Брат Дэвид показан легкомысленным человеком, страстно влюбленным в американку Уоллис Симпсон, дважды разведенную женщину. Ради женитьбы на ней уже взошедший на престол, но еще не коронованный, Эдуард VIII сложил с себя полномочия монарха. На этом, по фильму, собственно, и исчерпываются его отрицательные стороны.
В реальности же Дэвид не стеснялся открыто выражать свои симпатии фашистам — уже после отречения (1937 год) посетил нацистскую Германию, встречался с Гитлером, посещал элитное учебное заведение СС и зиговал толпе. Его профашистская позиция была настолько демонстративной, что британскому правительству пришлось в конце концов насильно сделать герцога Виндзорского (титул после отречения) губернатором Багамских островов, откуда ему разрешили вернуться только в 1945 году. В фильме это позорное пятно на британской монархии маскируется упоминанием (но не показом), что миссис Симпсон регулярно присылает цветы Риббентроп (на тот момент посол Германии в Великобритании).

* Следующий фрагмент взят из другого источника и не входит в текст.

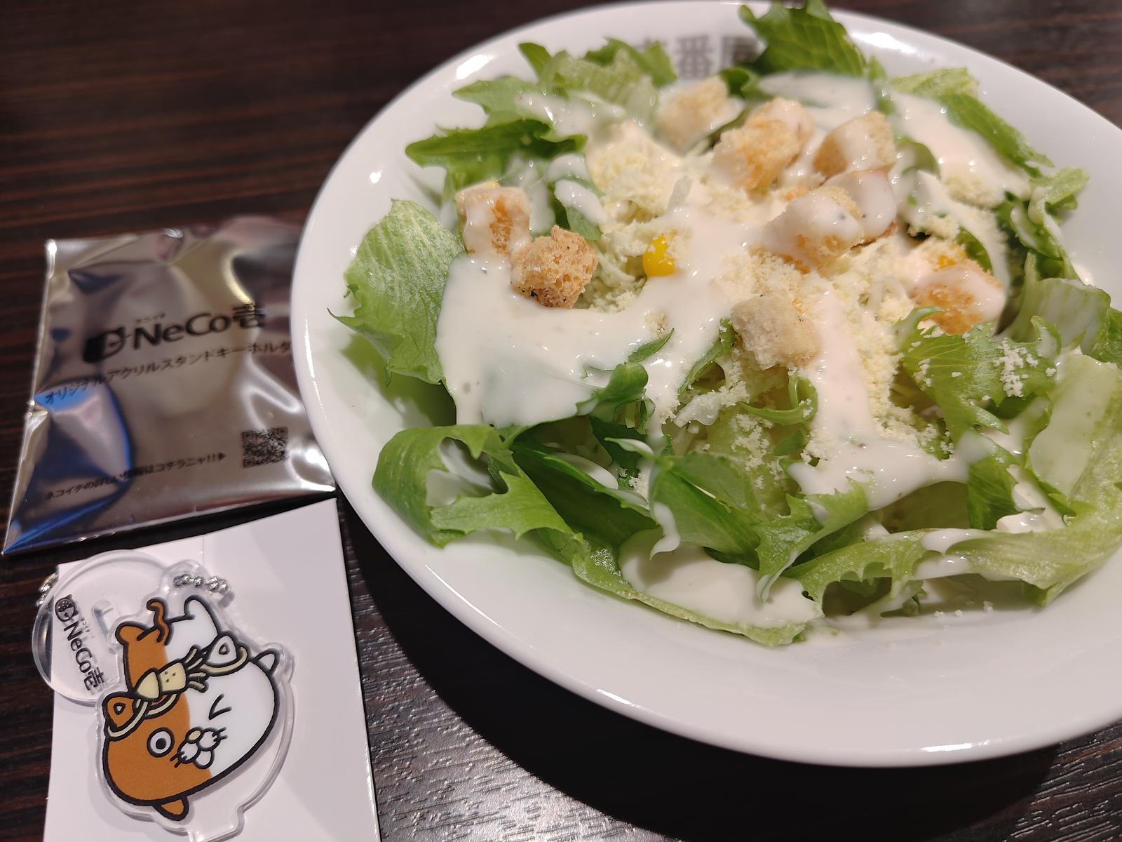 キーホルダーがオマケでついてくるシーザーサラダを注文.

Вроде бы и неприятный факт, но в то же время безобидный — подумаешь, цветы.
Кульминация фильма — обращение по радио страдающего заиканием короля к нации о начале войны с Германией в связи с ее вторжением в Польшу. Глядя на серьезные лица подданных — простых англичан и солдат британской армии, слушающих речь своего монарха, — и не заподозришь, что, объявив войну, Великобритания приложит максимальные усилия, чтобы не произвести по войскам вермахта ни единого выстрела.
Убедительность обновленной истории по-британски придают ювелирная драматургия сценария, великолепная игра актеров, обаятельная атмосфера кинокартины — полученный ею «Оскар» не вызывает вопросов. Не приходится сомневаться, что самая престижная кинонаграда присуждена не только за высокие художественные достоинства, но и за идеологически верную для Западного мира трактовку событий.

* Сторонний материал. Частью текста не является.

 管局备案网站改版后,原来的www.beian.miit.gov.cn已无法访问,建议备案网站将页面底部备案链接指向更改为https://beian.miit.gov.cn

Как говорится, сравните с нашими поделками вроде «Матильды» с жалким Николаем II и множеством сериалов, где если и присутствует сотрудник НКВД, то чаще всего в качестве садиста в погонах.
В чем мы проигрываем?
Слабое место пропаганды, построенной на аксиомах: рисуемый ею мир не должен вопиюще отличаться от реального — как мы могли наблюдать в позднесоветское время и отчасти наблюдаем в современной западной действительности. Однако и метод, применяемый российскими пропагандистами, содержит целый ряд уязвимостей. Одна из его проблем заключается в том, что теоремы вытекают из аксиом, а не наоборот. Аксиома не может быть опровергнута с помощью доказательств, поскольку принимается на веру.

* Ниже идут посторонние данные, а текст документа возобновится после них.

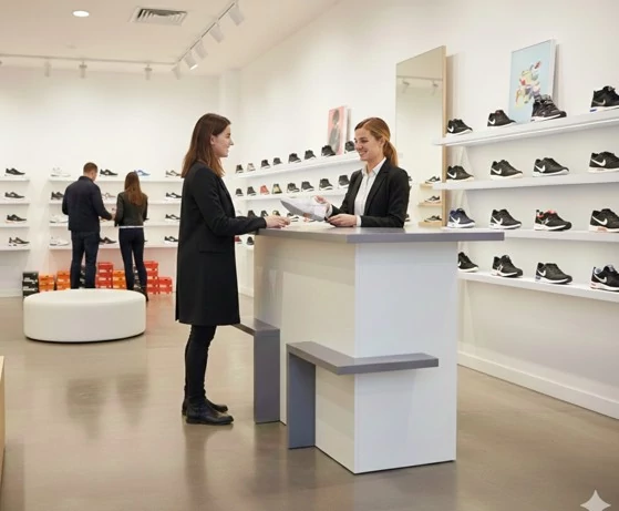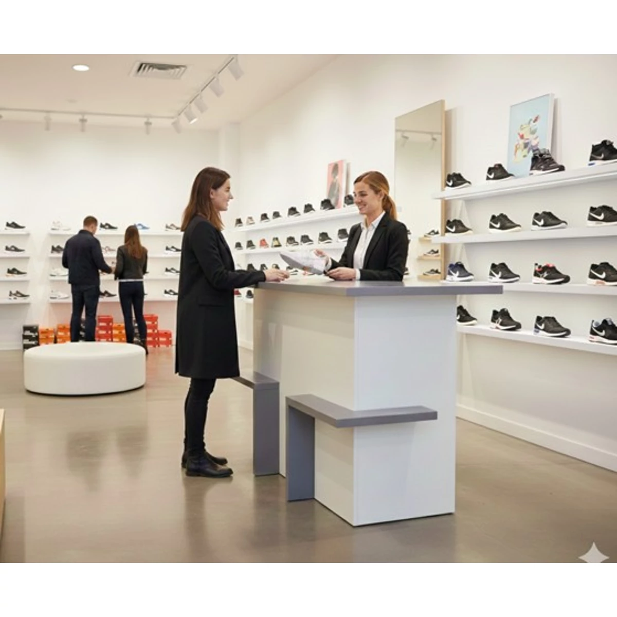 Egy nyíló, zárható ajtó egy polccal. Egy fehér, fémoldalas, zárható fiók. Egy nyitott polc. A pult fix.

Ключевая мысль книг упомянутого Резуна-Суворова: Гитлер отдал приказ о нападении на СССР вынужденно — в целях, так сказать, самозащиты. Он якобы видел, что у Сталина уже всё готово для нападения на Третий рейх, и потому нанес превентивный удар. В ответ «Ледоколу», «Дню М» и прочим резуновским опусам у нас был написан с десяток «Анти-Ледоколов» и «Анти-Суворовых», где авторы, приводя факты и объяснения, пункт за пунктом опровергали измышлизмы перебежчика. Но ни одна из них, ни все они, вместе взятые, по известности и близко не смогли приблизиться к успеху предмета опровержения. И только с появлением «Бессмертного полка» ложь Резуна утратила свою силу: псевдоочевидностям «Ледокола» была противопоставлена намного более мощная очевидность — сотни тысяч портретов солдат Красной армии.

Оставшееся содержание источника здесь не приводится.